Toyota Maroc franchit une nouvelle étape

L’année 2003 a été un bon cru pour Toyota. L’entreprise, dans un environnement morose, a pu préserver les acquis et renforcer ses positions sur les ventes. Troisième sur le marché marocain, après Renault et Peugeot, la nipponne était à fin novembre, à 3600 unités importées de plusieurs pays dont 20% en Europe. C’est dire que 80% des voitures de Toyota échappent pour le moment à l’avantage tarifaire né dans le cadre de l’accord d’association avec l’UE. Le marché de l’automobile au Maroc était stable en 2003, enregistrant à fin septembre une régression de 0,4% (importé et local). Une régression qui n’a pas affecté outre mesure Toyota qui, avec un bond de 74% , réalise la plus belle croissance sur la période. Le cap des 3 000 unités vendues est presque franchi, l’entreprise revendique désormais 12,4% des parts de marché du secteur. Le Directeur marketing du groupe le disait il y a quelques mois, Toyota Maroc a déjà avisé ses fournisseurs pour qu’ils trouvent des solutions et qu’ils orientent plus leurs importations sur le vieux continent. « On ne pourra pas le faire entièrement, puisque ce ne sont pas tous les modèles qui seront fabriqués en Europe ». Les performances de Toyota Maroc s’expliquent en partie par un réseau de distribution dynamique (six succursales et 17 concessionnaires à travers tout le Royaume), un service après-vente à l’écoute et le renouvellement de la gamme équipements et une politique tarifaire compétitive.

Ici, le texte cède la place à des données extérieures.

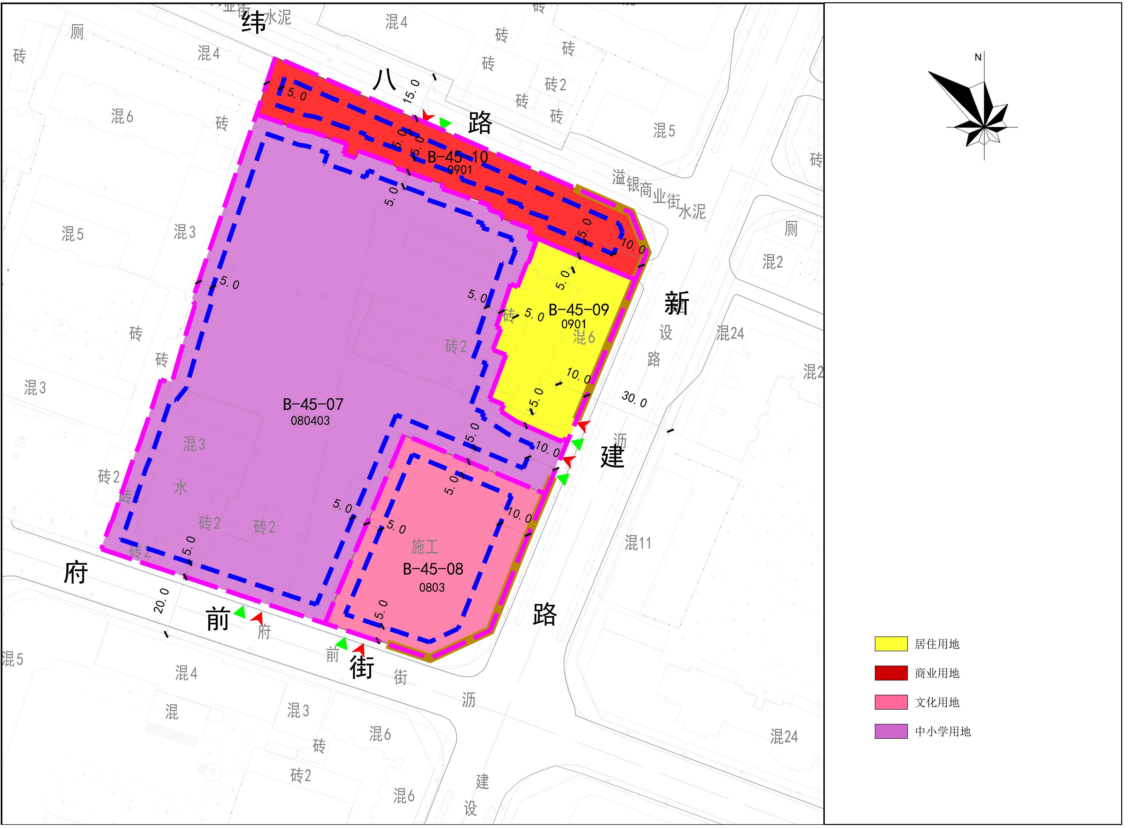 结合上位规划用地布局,规划B-45-07地块用地性质为中小学用地,B-45-08地块用地性质为文化用地,B-45-09地块用地性质为二类居住用地,B-45-10地块用地性质为商业用地。

Pour l’avenir, le groupe continuera à développer sa présence dans ses propres succursales, et d’insister sur la formation des équipes de ventes tout en créant un climat de challenge et de motivation indispensable pour la satisfaction totale du client. Une chose est sûre, Toyota Maroc pourra compter sur la bonne perception de ses marques auprès du consommateur. En Europe, a été élue Yaris dans sa catégorie voiture la plus fiable par le moniteur automobile, et le nouveau Prado est déjà crédité du meilleur rapport qualité-prix. De quoi avoir de bonnes répercussions au Maroc.